Stars Group’s 7% senior notes due 2026 were “holding in” around 101, a market source said. Stars Group priced an upsized $1 billion of the 7% senior notes at par on June 28.

Community Health’s 8 5/8% senior notes due 2024 were quoted down on the bid side at 99 3/8. However, the notes continued to trade between par and par 3/8 on Monday, which is the range they have remained in since pricing, a market source said.

Trading of the notes remained light with only $6 million of the bonds on the tape by late afternoon Monday.

Community Health priced an upsized $1,032,607,000 issue of the 8 5/8% notes at 99.457 to yield 8¾% on June 28 in a deal that was said to be 1.5 to 2 times oversubscribed.

AmWINS 7¾% senior notes due 2026 were seen unchanged at 101¼ with only one trade on the tape, a market source said.

AmWINS priced a $300 million issue of the 7¾% notes at par on June 28.

“Essentially, nothing is trading,” a market source said.

Teva active

While trading volume was light on Monday, Teva’s 3.15% senior notes due 2026 were active in the secondary space. The notes were up about ¼ to ½ point, a market source said.

They were seen trading between 80 3/8 to 80½.

HCA down

HCA’s 7½% senior notes due 2022 and 5 3/8% senior notes due 2025 were down about ¼ point in active trading on Monday, according to a market source.

The 7 ½% notes were seen trading between 108 5/8 and 108 7/8.

The 5 3/8% notes were seen trading between 98 1/8 and 98 3/8.

HCA is among the top holdings of the iShares US Healthcare Providers ETF, which is one the ETFs that saw a sell-off early in Monday’s session.

When ETFs trade down, names in the ETF basket “get moved around a little bit,” a market source said. “If they’re in the basket, they’re going to be underperforming.”

ATD up 4, down 70

ATD’s 10¼% senior notes due 2022 were up about 4 points to 27 after bottoming out at 23 last week, although the reason for the jump in price was not clear, a market source said.

“When it gets to these levels, it could just be a big buyer moving it,” a market source said.

There is also an active rumor mill surrounding companies in situations like ATD which could be affecting the price, the source said.

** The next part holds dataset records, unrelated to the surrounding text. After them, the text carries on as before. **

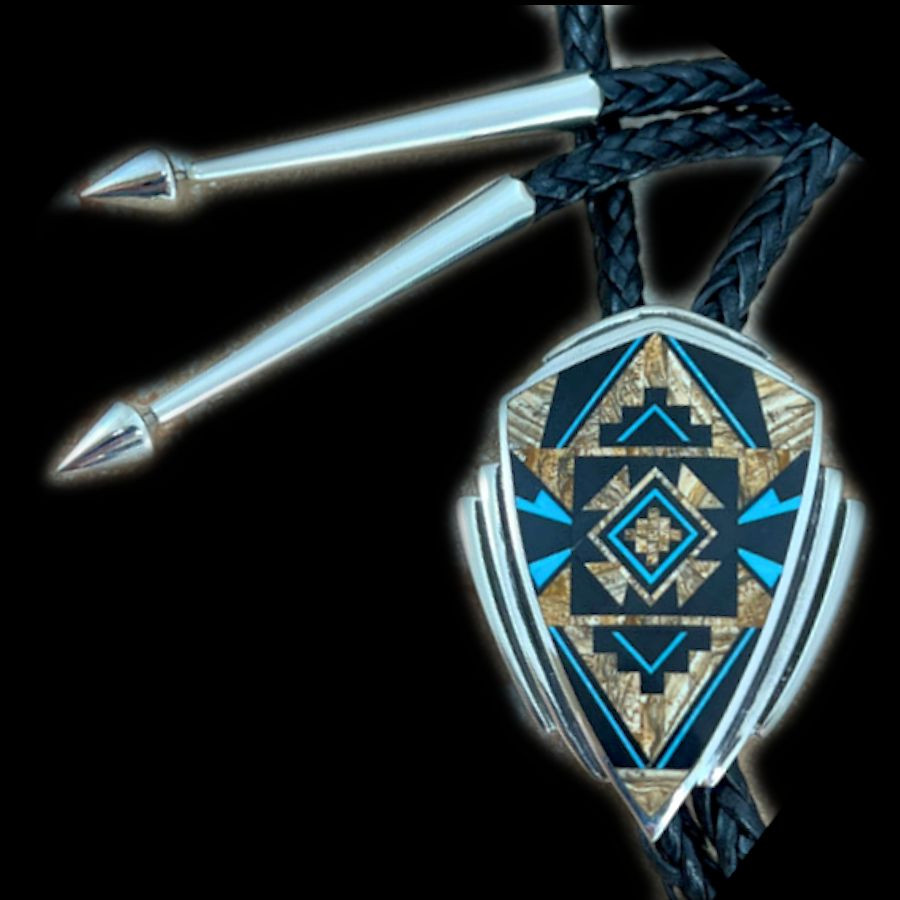 Bolo tie en Argent Sterling/925 orné d'un symbole Navajo, mosaïque de turquoise et de jeais.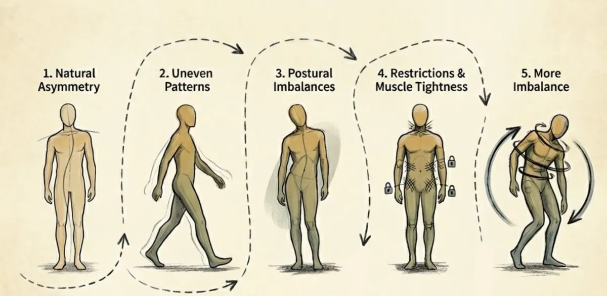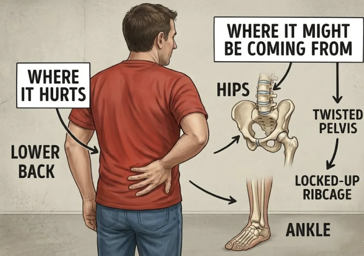 "Back pain? Treat the back." That's the playbook. Nobody's looking at your locked-up ribcage, your twisted pelvis, or the old ankle injury that quietly threw your whole alignment off years ago.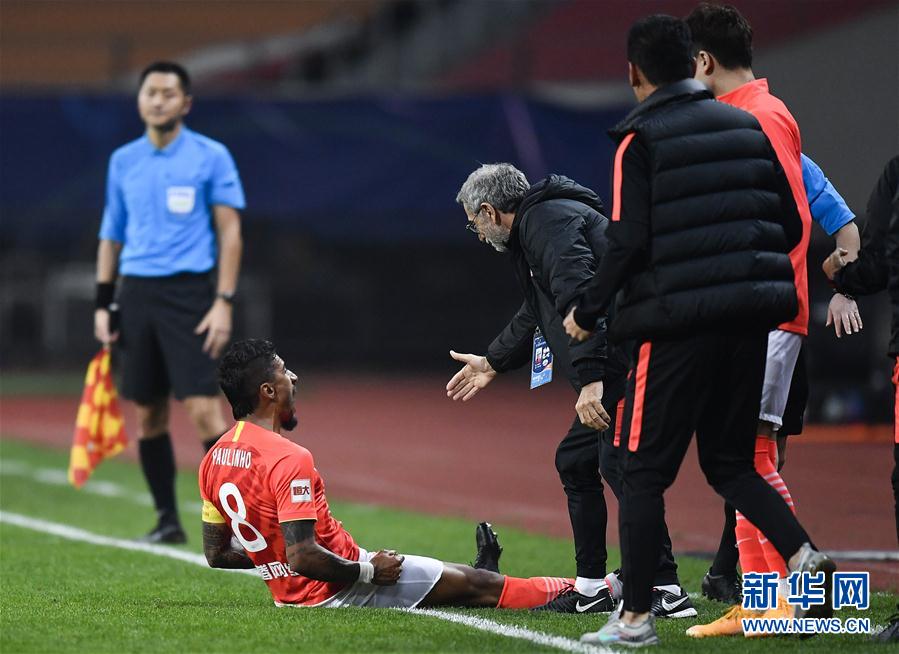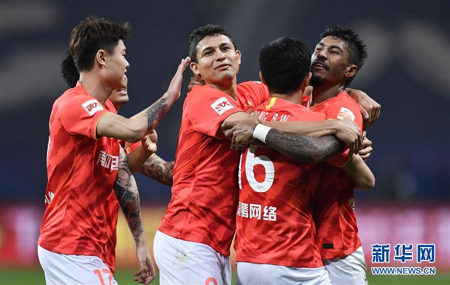 11月2日,广州恒大淘宝队球员保利尼奥(右)在比赛中进球后与队友庆祝。 当日,在2020赛季中国足球协会超级联赛(苏州赛区)第18轮比赛中,广州恒大淘宝队以3比1战胜北京中赫国安队,从而以两回合总比分3比1晋级决赛。 新华社记者 许畅 摄

While the 10¼% notes saw an increase on Monday, there is little hope for a recovery, sources said.

The notes plummeted more than 30 points to bottom out at 23 last week after losing its distribution agreement with Bridgestone Americas for passenger and light truck tires.

The notes also dropped more than 30 points after Goodyear announced in late April it was ending its distribution agreement with ATD.

Prior to Goodyear’s announcement, the notes were trading around 97½.

The 10¼% notes have $925 million outstanding. “That’s a lot of money that’s out the window,” a market source said.

Mixed Friday flows

The daily cash flows of the dedicated high-yield bond funds were mixed on Friday, the most recent session for which data was available at press time, according to a trader.

High-yield ETFs saw $47 million of inflows on the day.

However, actively managed high-yield funds sustained $33 million of outflows on Friday, the trader said.

Indexes down again

Two benchmarks for the high-yield secondary market were down on Monday after closing last week mixed.

The KDP High Yield index was down 9 basis points to close Monday at 70.30 with the yield now 5.92%. The index was down 5 bps on Friday after posting losses each day last week.

The CDX High Yield 30 index closed Monday down 9 bps at 105.68. The was down 5 bps on Friday.